Następnego dnia został zmuszony do siedzenia na oddziale ratunkowym. Tak na prawdę cieszył się z tego, nie  będzie musiał oglądać Wiktorii. Od dnia, w którym Consalida przyznała, że to była tylko gra, nie widzieli się ani razu, nawet z dalekiej odległości na korytarzu. Unikał jej jak ognia, z resztą Wiktoria także starała się nie napatoczyć się na niego.
-Dzień dobry, profesorze - internistka przywitała się wchodząc na oddział ratunkowy.
-Pani? - spytał z niedowierzaniem. - Miałem dyżurować z doktorem Latoszkiem.
-Tak, ale Witek musiał zostać z Felkiem i prosił, żebym wzięła za niego dyżur - wyjaśniła. 
-Dobrze, więc w razie czego będę u siebie - oznajmił wstając z fotela. Na oddziale ratunkowym zawsze zostawiał samego jednego dyżuranta, informując iż "będzie u siebie".
-Profesorze - zaczęła. Chciała go zatrzymać, ale nie miała wymyślonej żadnej bajki, więc musiała wysnuć coś na poczekaniu. - Bo ja chciałam się spytać... - Myśl Woźnicka, myśl! - Nie wie pan może o co chodzi z tym numerem do drukowania samemu recept? To jest potrzebne? - Co prawda załatwiła tą sprawę już dwa tygodnie temu, ale tylko to przyszło jej do głowy. Może z czasem rozmowa jakoś się rozwinie? - łudziła się.
-Nie jest on obowiązkowy, jednakże ułatwia życie i umożliwia samodzielne drukowanie recept - oznajmił, nie kryjąc znudzenia tą konwersacją.
-A gdzie ja bym to mogła załatwić? Pytałam Wiktorii, ale ona ostatnio się stała jakaś strasznie wredna, jak nie ona.
-W NFZcie - profesor wolał nie zagłębiać się w rozmowę o Wiktorii. - Radzę wziąć prawo wykonywania zawodu, gdyż inaczej każą pani przyjechać jeszcze raz, chyba, że zagrozi pani skargą.
-Tak, teraz jeżeli chce się coś uzyskać, to tylko groźbą - stwierdziła zrezygnowana. Falkowicz znów chciał wstać. - Profesorze, bo ja chciałam jeszcze dowiedzieć się kilku rzeczy.
-Przygotowała pani zestaw pytań specjalnie na nasz dyżur?
-Liczyłam, że się czegoś dowiem, od pana jako bardziej doświadczonego, bo w tym szpitalu, gdzie dwóch lekarzy, tam trzy opinie. - Blondynka uśmiechnęła się delikatnie. Mężczyzna ostentacyjnie spojrzał na zegarek. Nie miał zbyt dużej ochoty na konwersację z lekarką, ale wiedział, że ma obowiązek siedzenia na tym oddziale przez najbliższe dwadzieścia cztery godziny, a jako starszy lekarz, chcąc nie chcąc musi udzielać odpowiedzi na pytania młodszych, taki był regulamin szpitala.
-Słucham pani. - Mężczyzna oparł się na fotelu. Blondynka usilnie próbowała wymyśleć jakieś w miarę sensowne pytanie, jednak gdy jej się to nie udało postanowiła spróbować porozmawiać z mężczyzną bardziej prywatnie.
-Ja wiem, co odstawiła Wiktoria - zaczęła. Profesor wziął głęboki wdech. Dopiero wtedy poczuł kwiatowy zapach perfum, jakich używała Wiktoria. Najwidoczniej koleżanki używały tego samego zapachu.
-Jeżeli nie ma pani do mnie żadnych spraw zawodowych, pozwoli pani, że jednak pójdę do siebie - profesor wyszedł z pomieszczenia zanim zdążyła coś powiedzieć.

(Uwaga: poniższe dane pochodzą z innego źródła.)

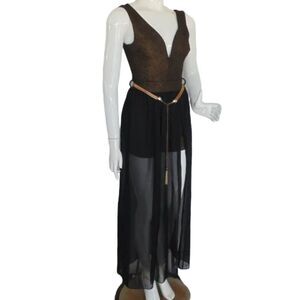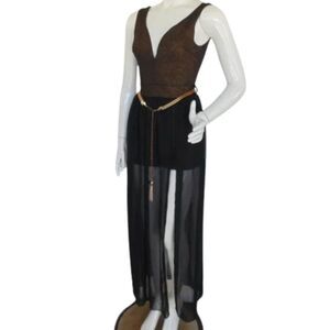 new MADRAG Romper, S, Bronze/Black mesh skirt, Sleeveless, Shorts, Metal Belt
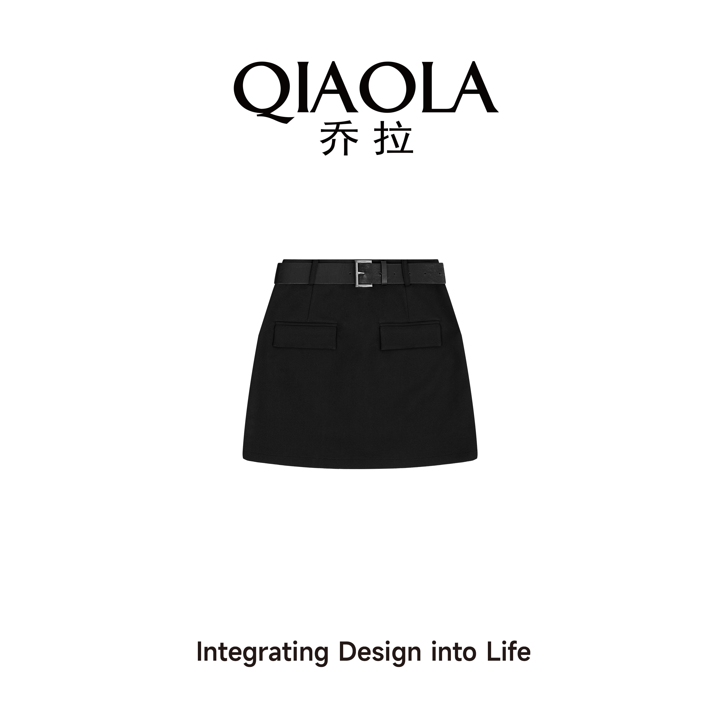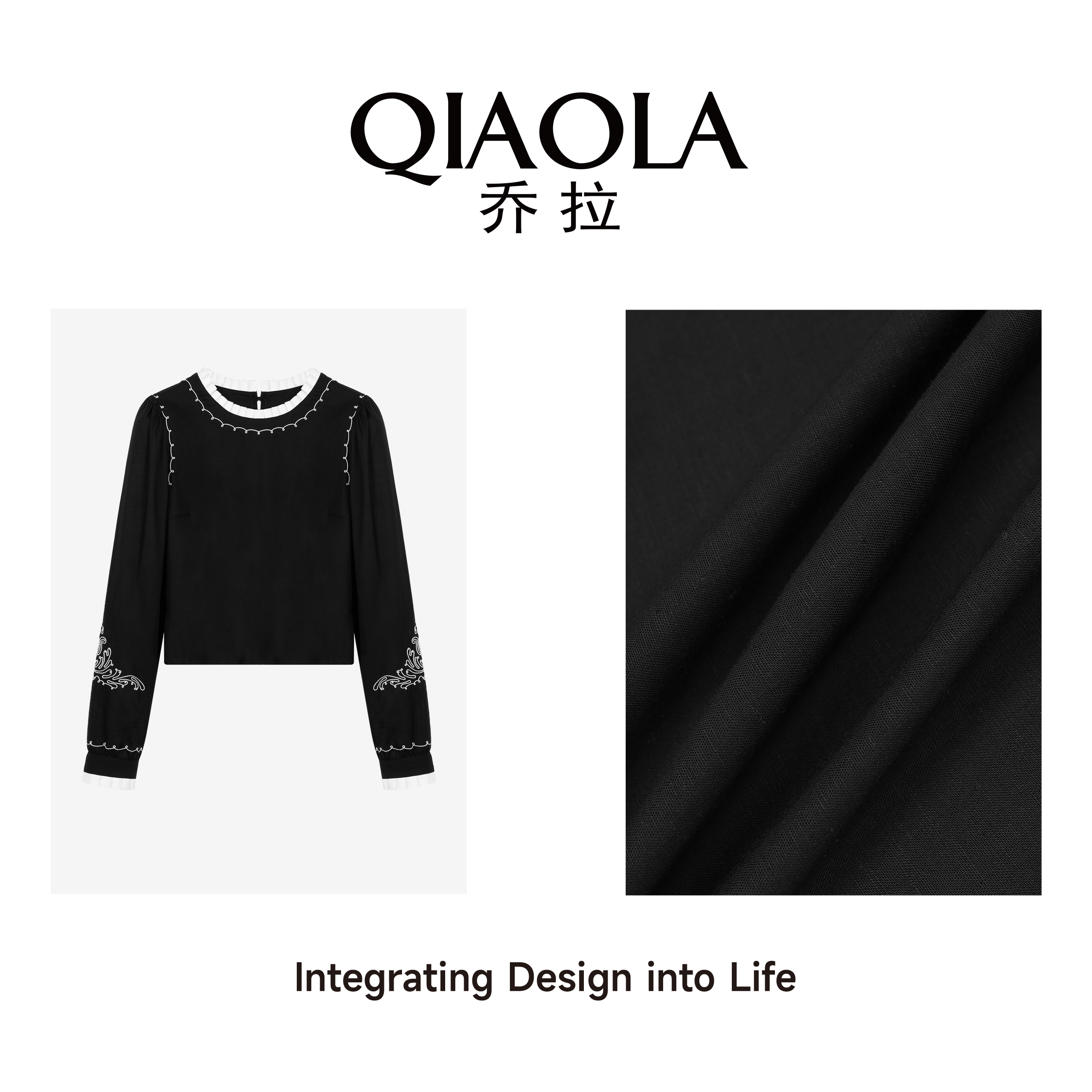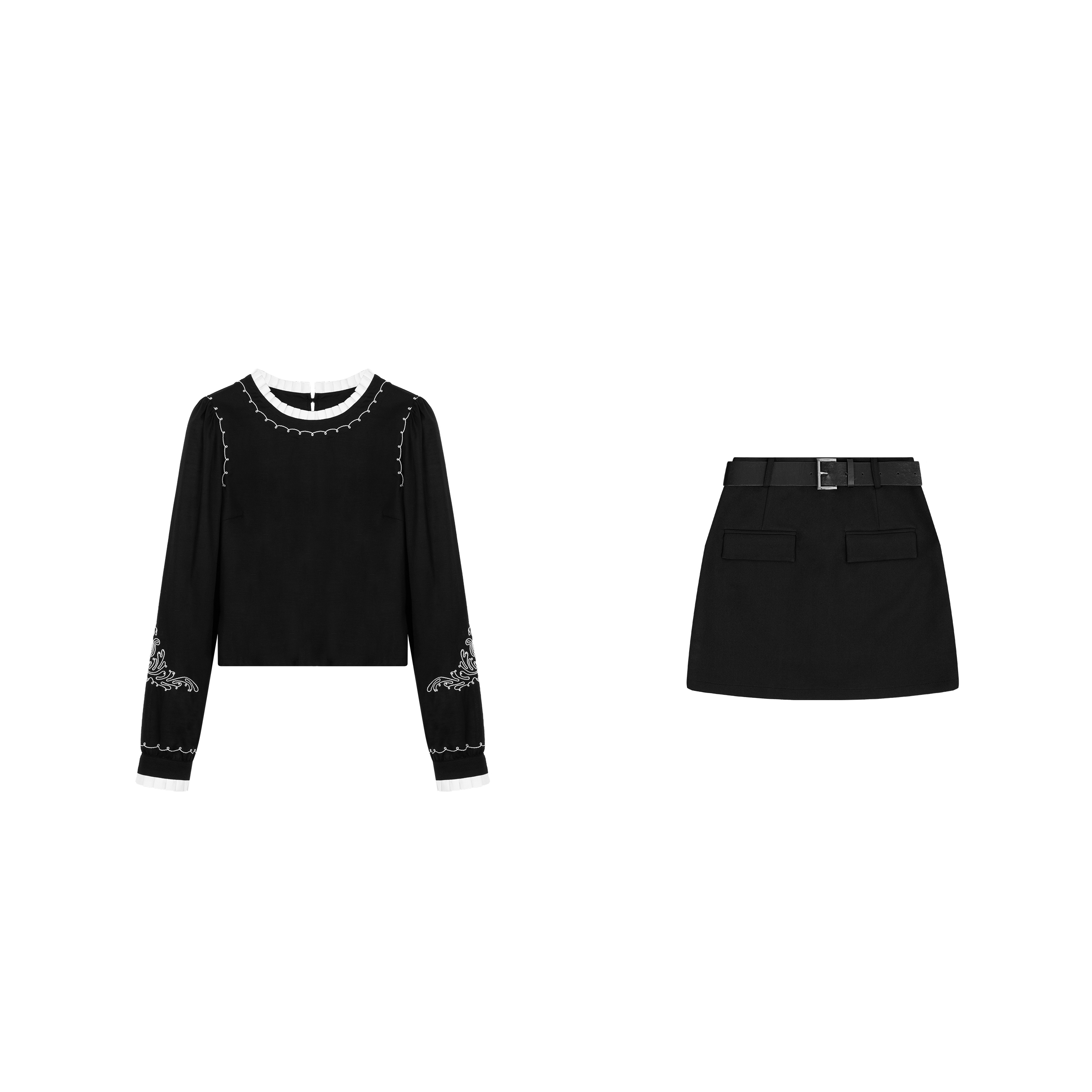 乔拉【月下颂歌】木耳边撞色圆领刺绣上衣女时尚套装a版半身裙子
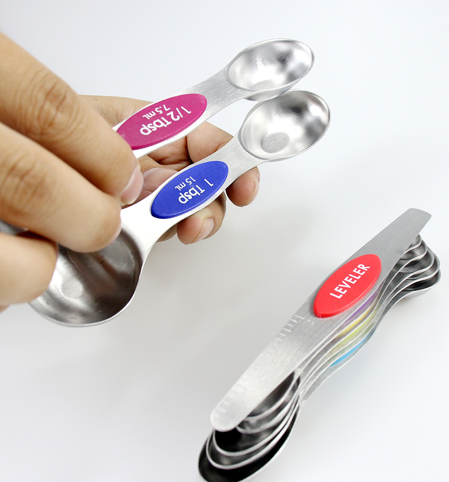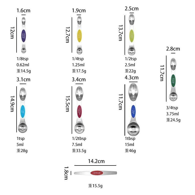 ช้อนตวงสแตนเลสแบบแม่เหล็กสองหัว ชุด 8 ชิ้น เกรดอาหาร สำหรับทำขนมและตวงเครื่องปรุง
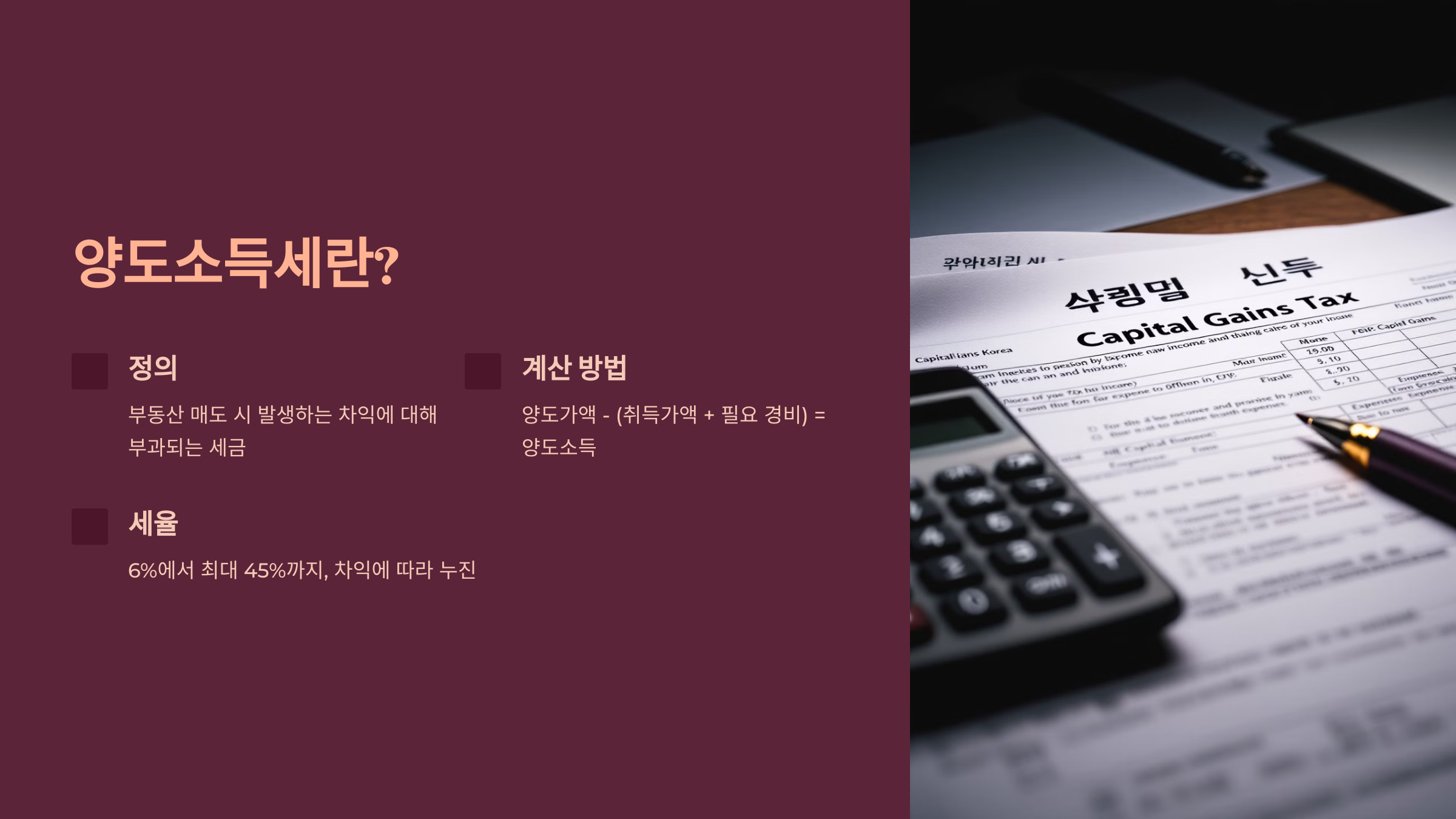 양도소득세는 아파트와 같은 부동산을 매도했을 때 발생하는 차익에 대해 부과되는 세금이에요. 이를테면 매입가보다 더 높은 금액으로 매도했을 경우, 발생한 소득에 대해 세금을 내야 하죠. 이 세금은 과세 표준에 따라 누진세율이 적용되며, 주택 보유 기간, 거주 여부, 1가구 1주택 여부 등에 따라 달라져요.

Trzy godziny później postanowiła znów spróbować. Miała już w pamięci kilka pytań służbowych, które wymyśliła, gdy nic się nie działo na oddziale. Zapukała w drzwi i weszła do profesorskiego gabinetu. Zobaczyła go siedzącego za biurkiem. Na blacie stała szklanka i na pół opróżniona butelka z whisky.
-Profesorze... - blondynka zamknęła za sobą drzwi i stanęła na środku pomieszczenia, wyprostowana.
-Wie pani, pani doktor... okropny jest ten świat - stwierdził popijając trunek. Internistka od razu zorientowała się, iż jest pijany. - Widzi pani, ja teraz mógłbym wyjąć pistolet i panią zabić - powiedział kręcąc szklanką w dłoni. Blondynkę lekko zaniepokoiły te słowa, ale dalej stała w miejscu powtarzając w myślach jak mantrę słowa Krajewskiego "on kobiecie by nic nie zrobił".
- Zabić. Śmierć jest tak na prawdę najmilszą rzeczą w życiu. Mógłbym panią w sobie rozkochać, a potem powiedzieć, że to była gra. Robiłem tak. Robiłem tak setki razy, nabrałaby się pani, jak wszystkie. - Blondynka usiadła na krześle, naprzeciw niego. Zabrała mu szklankę i wypiła całą jej zawartość. - Wykorzystała mnie. - Mężczyzna przesiadł się na czerwoną kanapę. Internistka zajęła miejsce obok niego. - Była taka wspaniała - rozmarzył się. - Duże, zielone oczy, delikatny uśmiech. Piękne, długie włosy... jak pani - oznajmił odgarniając z jej twarzy kosmyk blond włosów. - Też pachniała kwiatami i używała tego samego błyszczyku. - To prawda, kobiety miały wiele takich samych kosmetyków. 
Profesor złożył delikatny pocałunek na jej ustach. Mimo, że był pijany internistka nie umiała go odepchnąć. Miała słabość do mężczyzn. Chciała mu pomóc, a zamiast tego przespała się z nim w szpitalnym gabinecie, podczas dyżuru, za co mogli oboje stracić pracę. 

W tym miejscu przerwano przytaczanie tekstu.